MishaLaskin / curl

CURL: Contrastive Unsupervised Representation Learning for Sample-Efficient Reinforcement Learning
MIT License
561 stars 88 forks source link

Trouble reproducing results. Help much appreciated~ #27

Open sunchipsster1 opened 1 year ago

sunchipsster1 commented 1 year ago

Hello! Thank you so much for putting up this valuable resource! I was wondering if I may ask for some kind advice about replicating the results, which I have been unable to do.

Mainly, I have been testing CURL (using the default settings + command listed on https://github.com/MishaLaskin/curl) against CURL with the following lines commented out (which should give me pixel SAC):

    # if step % self.cpc_update_freq == 0 and self.encoder_type == 'pixel':
    #     obs_anchor, obs_pos = cpc_kwargs["obs_anchor"], cpc_kwargs["obs_pos"]
    #     self.update_cpc(obs_anchor, obs_pos,cpc_kwargs, L, step,0)
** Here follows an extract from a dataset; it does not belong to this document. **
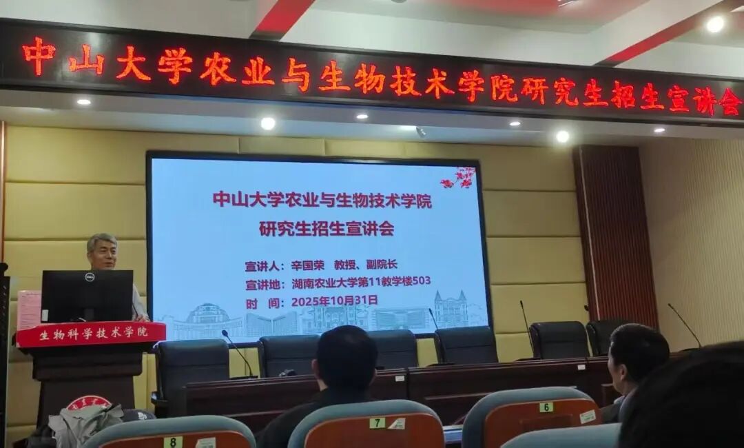 为搭建我校学子与国内顶尖高校间的学术交流桥梁,拓宽毕业生深造渠道,助力学子精准把握升学机遇与未来发展方向,2025年10月31日,中山大学农业与生物技术学院研究生招生宣讲会于我校第十一教学楼503教室成功举办。本次宣讲会特邀中山大学农业与生物技术学院副院长辛国荣教授主讲,吸引了众多有志于深造的同学积极参与。
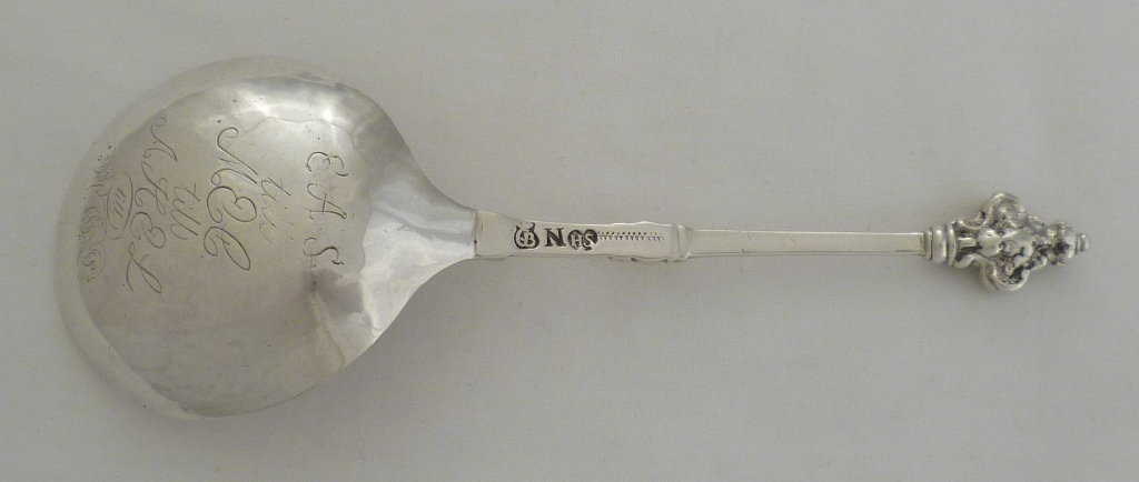 still know today. This goes a long way to explain the exceptionally good condition of this spoon and the engraving to the bowl back. The earliest initials are to the top and the style of lettering changes commensurately from early to late 18th

For [cartpole, swingup], I obtained ~ 850 for CURL but strangely I also obtained ~850 (and very quickly too) for pixel SAC. These results showing no difference were replicated over 5 seeds and very robust. Is my code change correct, or have I manipulated the code in the wrong way?

For the task [finger,spin] I obtained ~ 350 for both CURL and pixel SAC, also no difference.

Thank you in advance for the kind help! :)

LiuZhenxian123 commented 3 months ago

Hi! have you sloved this problem?I'm having a similar problem.